First of all, I’m sorry I didn’t update this blog in June. Nobody really cares except for me, but I’m still planning to post twice in the last stretches of this month to make up for it. Still, after nearly a year of monthly blog posts, what’s my excuse for missing last month?
Originally, my excuse was the NEO Voice Festival, which I participated in during late June. This is quite ironic because my attendance (albeit virtually) in the festival last year was one of the main things that inspired me to start blogging in the first place. But the truth of it was that during the festival, I stayed in a cheap hostel in the depths of Hollywood with horrible wi-fi. Even though I had an entire blog post drafted, the internet just wasn’t good enough to publish anything.
If you’re curious, this is the final performance from this year’s NEO Festival! Perhaps it’ll get another post of its own…
That was my first excuse. But then, the festival finished on July 3rd, which means I’ve still neglected my blog post for twenty days. This post I’m writing right now is not the one I still have drafted in the depths of WordPress; that’ll go up later this month. So what’s the real excuse, or at least the real explanation?

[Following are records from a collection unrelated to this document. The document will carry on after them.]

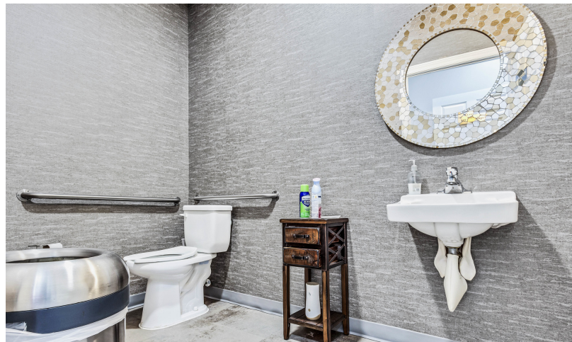
ADA COMPLIANT PRIVATE RESTROOMS
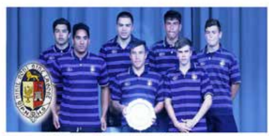
Plate Winners, Palmerston North Boys' High School

The 2015 Sevens season is well under way with two senior teams and three junior teams preparing for upcoming tournaments. The Senior Sevens team recently won the Plate Division at New Zealand Marist Secondary Schools' 7's Tournament.
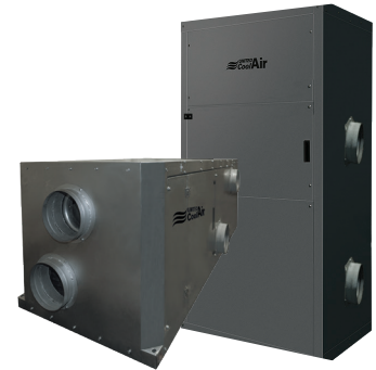
Alpha Aire Horizontal & Vertical 200 - 500 CFM
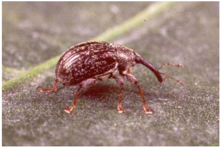
Figure 6. Adult pepper weevil, Anthomus eugenii Cano.

To attack the plant, a female adult weevil (Figure 6) first punctures the flower buds or young fruit of peppers with her mouthparts, lays eggs, and then seals the puncture containing the eggs with a light brown fluid, which hardens and darkens. The larval stage of PW, commonly known as a grub (Figure 7), is white or gray with a yellowish brown head. PW larvae feed on pepper and other plants in the Solanaceae family, such as the common black nightshade weed, Solanum americanum , and the tomatillo, Physalis philadelphica . All varieties of pepper are susceptible to PW attack, whereas tomatillos are only moderately susceptible.
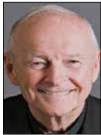
Theodore McCarrick UNITED STATES
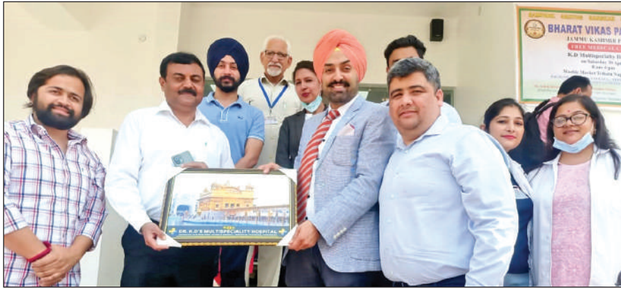
Dignitaries presenting a memento to the Chief Guest.

The answer: health. And that’s what I want to muse over today.
Musically, this summer has been delightfully busy for me. I had the aforementioned festival (see above!), but the week before that, I participated in an intense album recording session for a friend. After the festival, I performed in a small opera production on four rehearsals, and after that, I pulled together a concert of Moravian music with some friends. Now I’m in rehearsal for two concerts of Renaissance and Medieval music, before I fly back out to California to do work-study for a week-long viola da gamba conference. And amidst that all, I’ve been working a job as the Marketing and Sales Coordinator for a classical music concert series, so I’ve been learning to sell ads and come out of my introverted shell just enough to cold-call and cold-email countless strings of contacts and beg them to come to concerts. For a freelance musician, this schedule is pretty great, and it gets enough money to pay the bills, too. But that makes me wonder: how does one make this lifestyle a sustainable way of living?
In my downtime between all the engagements above, I’ve run around getting vision checks, dental checks, clinical checks, bloodworks, etc., and it’s become clear that I am not in the greatest health. This is not at all surprising: my genetics are cursed with stupendously bad vision, I’ve visited the dentist far too few times in my life to be healthy, and I have a history of anemia which has only gotten worse.

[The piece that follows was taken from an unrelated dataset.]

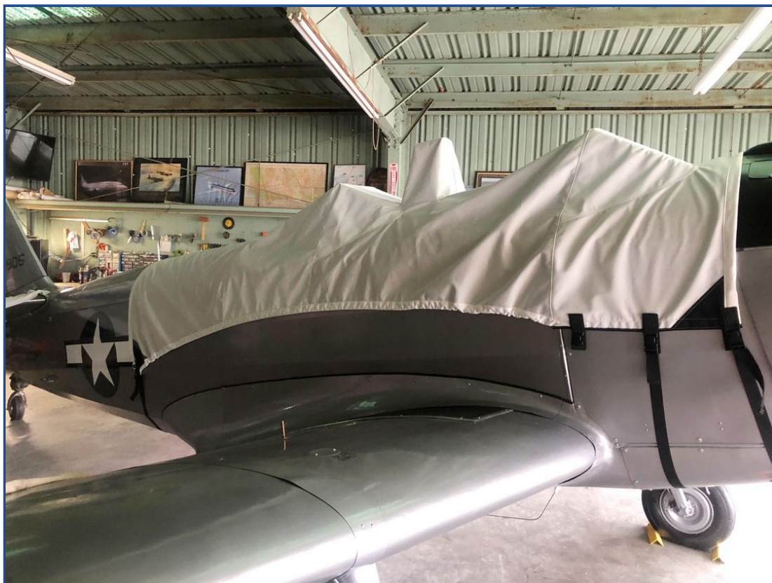
Fairchild PT-23 Canopy Cover

Yet, I’ve known about my health problems for a while, and I haven’t done anything about them. Why would I spend extra money to eat red meat if I’m tour and have a limited budget? Why would I spend money on health insurance when I could use that money toward the next round of audition recordings? Are these horrible ways of thinking? Yes. Do I still find myself thinking like this, even when faced with health complications? Also yes.

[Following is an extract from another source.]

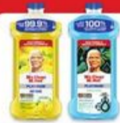
Mr. Clean multisurface cleaner Each. Selected varieties. 1.2 L. #50809383.
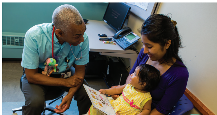
The Burke Foundation supports Reach Out and Read New Jersey, a nonprofit organization distributing books during pediatric care visits, and encouraging families to read aloud together.

The worst thing is, I don’t think my situation is atypical to the standard musician. One of the people I worked with recently is a full-time freelancer with multiple years of experience, and they told me they haven’t had dental insurance in years because it’s too expensive. The last time they went to a dentist was when their parents insisted to cover a standard visit’s expenses, and man was it lucky they didn’t have any cavities or dental situations of concern. That shouldn’t be happening to a full-time, incredible professional musician, but when you’re a freelancer in the US, it happens. Over the course of the last month, I’ve also encountered not one but four young musicians who stress-fast enough to affect their energy levels and ability to perform. It seems like musicians, who rely on health in order to do their jobs, ironically maintain the worst health of us all.
What do we do about this? Is there anything we can do about this? The answer probably lies in the problem’s origins, and in the US, those origins are fairly obvious. Music doesn’t pay much, especially considering how much time goes into it, and the cost of health insurance in the US is nothing to sneeze at. Plus, in younger generations, music tends to attract those who want to express something that cannot be said in words. Such people tend to be more emotional and vulnerable, and while those are beautiful traits on their own, they don’t necessarily mesh with the relentless grind of the freelancer. There’s a reason why it’s said that music schools have the highest rates of depression, regardless of whether that’s actually true.
So the answer’s clear: we need free and effective healthcare for all musicians, and probably better-paying gigs, too. As if that will happen in the next few generations.
I have a friend who has quite a bit of life experience, and once told me confidently, “You can make a better living than most of your relatives on gigging.” I have another friend who also has quite a bit of life experience, and told me, “The only way you can make a good living off of music is if you have a well-paying side-hustle or a well-paid partner or family member.” Both are true, I’m sure, and one might be more true than the other depending on location. But what I think I’m learning is that one needs not just musical skill and connections in order to make it as a freelancer; one also needs physical fortitude, and enough funding to actually take care of their body in the case of burnout or a health emergency. And that should probably be obvious, but in the world of music—in the world of passionately chasing after something that only has subjective and/or spiritual value—it’s a concrete fact that’s easily forgotten.